A WOMAN CLOTHED WITH THE SUN

 A WOMAN CLOTHED WITH THE SUN


As we’re all very well aware, death is something that cannot be avoided.  It is something that we have a tendency to fear, as it’s something unknown that none of us have ever experienced firsthand, and none of us know anyone else who has experienced it for themselves either.  In his Epistle to the Romans, St.
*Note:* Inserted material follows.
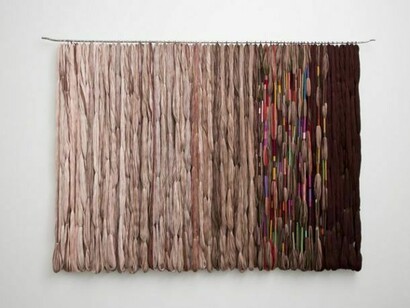 Hicks describes her work as 'unbiased weaves', a phrase which not only reflects her fascination for language and poetry but her interest in classifications. Crucial components of her language include colour with embedded texture, and structure that employs found objects, artifacts and unexpected materials including stainless steel and porcupine quills. Her sculptural works, often of a monumental scale, betray her fascination with fibre and thread, which she employs as a dynamic medium. Hicks holds the firm belief that material be allowed to express its inherent nature - she avoids armatures, preferring to stack and twist cascading linen, bound ropes, sinuous skeins, wrapped bundles and intertwined filaments of silk.

Paul explains to us that death is the result of sin.  And heaven knows, we’re all sinners.  Even the greatest of saints, every single one of them, were sinners to some degree or other.  They may have sinned a lot less than we do, but their souls were all stained with at least original sin, and probably quite a few actual sins too. 

All of them, that is, except one.  The one whose feastday of Marymas we proclaim today with great solemnity, the Assumption of the blessed and glorious ever-Virgin Mary, Mother of God—she alone neither committed any actual sin, nor was she even stained with the original sin of our first parents.  She was conceived immaculate, her life, her morals, every fiber of her being was immaculate, free of the stain of any sin whatsoever.  And for that reason, the end of her earthly life was also like none other.  She was free from sin, and therefore free from the punishment due to sin.  The decay and corruption of the grave was not permitted to stain the body of one whose soul was never stained.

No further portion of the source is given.